Hey Kremmen - I get lonely on a few of my holdings as well - have less arguments this way though 

Good luck with your holdings


----------



## Kremmen (2 October 2009)

roland said:


> Good luck with your holdings




True. No arguments in this thread! 

I don't need any luck on this little earner. My average buy price has been around 13c, over a few years, so the buy-back has been excellent.

I've mainly posted here in case anyone comes along and thinks about buying them. The chart looks good, but this is a time when charts can be misleading.

PPN trades very little and it seems likely that Trimble is mopping up all the available shares so as to avoid paying back his debt to the company. A number of the largest shareholders have sold all or most of their shares. The share price is basically determined by how much the company is willing and able to pay to buy its shares back.
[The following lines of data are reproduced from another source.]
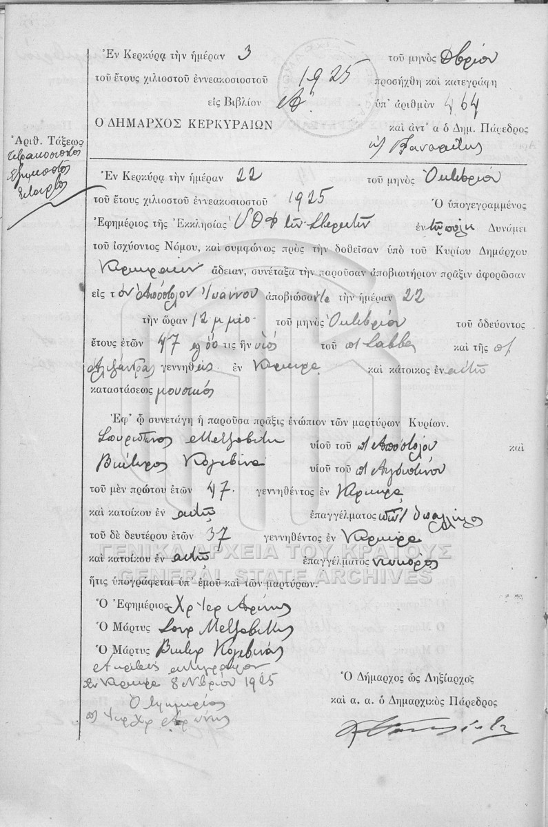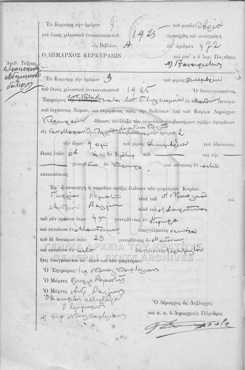 File #1925 - ΛΗΞΙΑΡΧΕΙΟ ΚΕΡΚΥΡΑΣ  [1925]
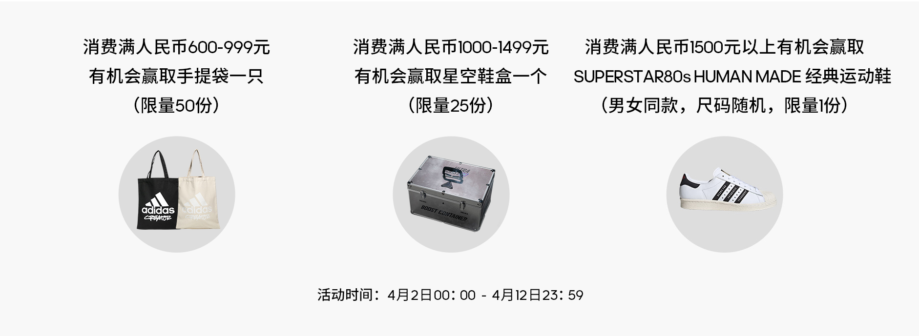 福利 1:adiCLUB 会员购物满额即可参加抽奖,有机会获得手提袋、限量鞋盒及 HUMAN MADE 联名贝壳头鞋款!
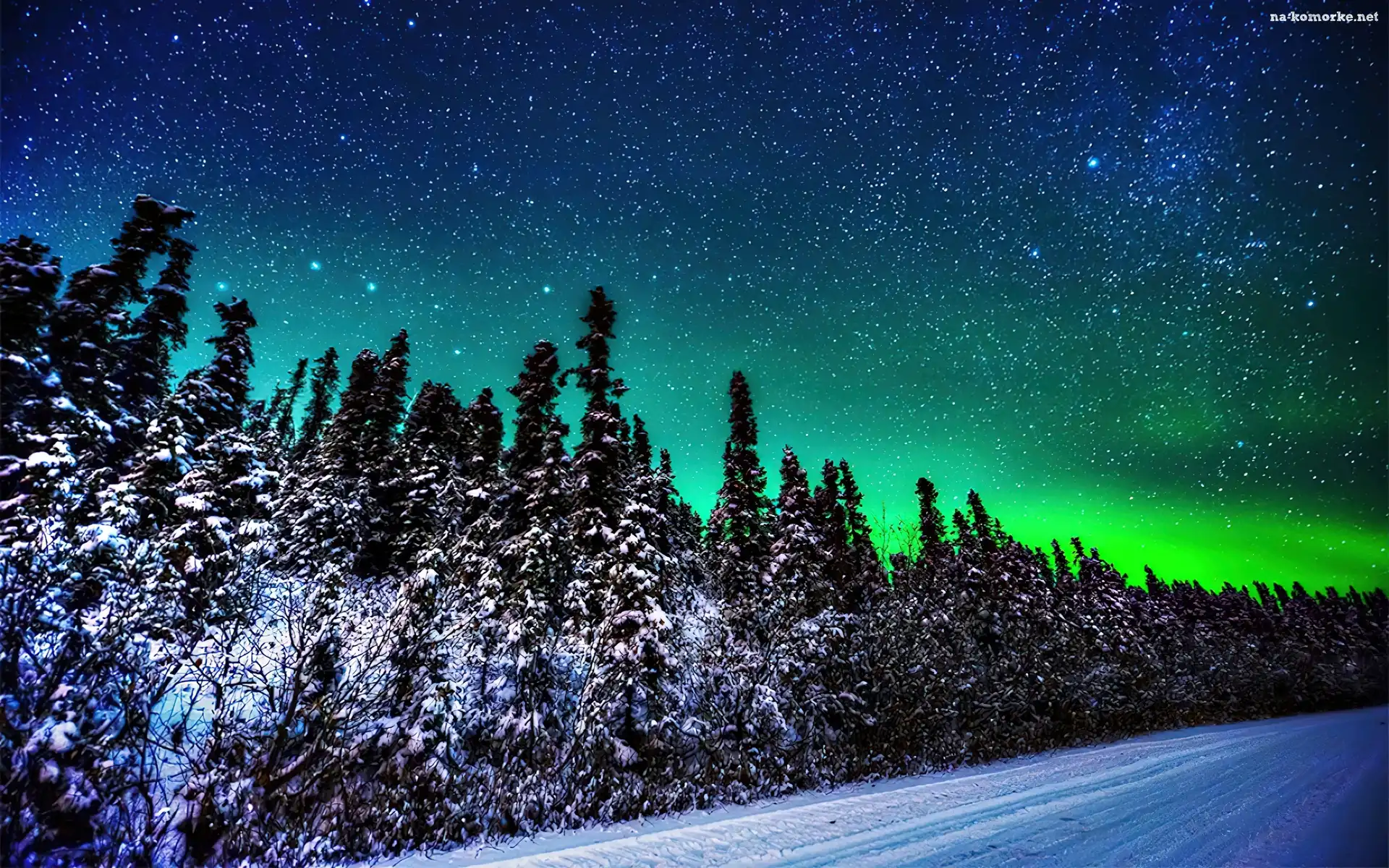 Droga, Polarna, Drzewa, Zorza na Komórkę
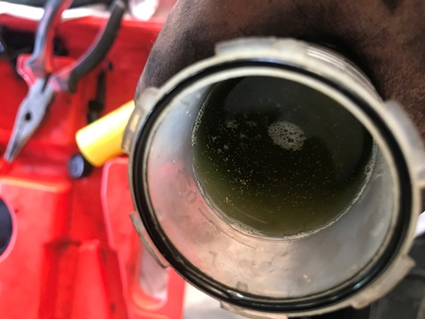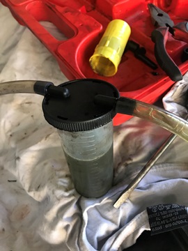 2. שאיבת הנוזל מהכוסית ומילוי נוזל חדש כמעט עד לפתח הכוסית. באאודי A1 יש כמעט חצי ליטר רק בכוסית עצמה.

If that goes away, the bottom falls out of the market.

The other matter is that if/when Trimble proceeds to compulsory acquisition, it's hard to know what price that might put on the shares.


----------



## Kremmen (6 December 2010)

3.977c fully franked dividend to be paid 21/12. (Shares trade ex div from 8/12)

SP up over 40% since last week.


----------



## System (10 March 2016)

On March 9th, 2016, Planet Platinum Limited (PPN) was removed from the ASX's official list pursuant to Listing Rule 17.12.


----------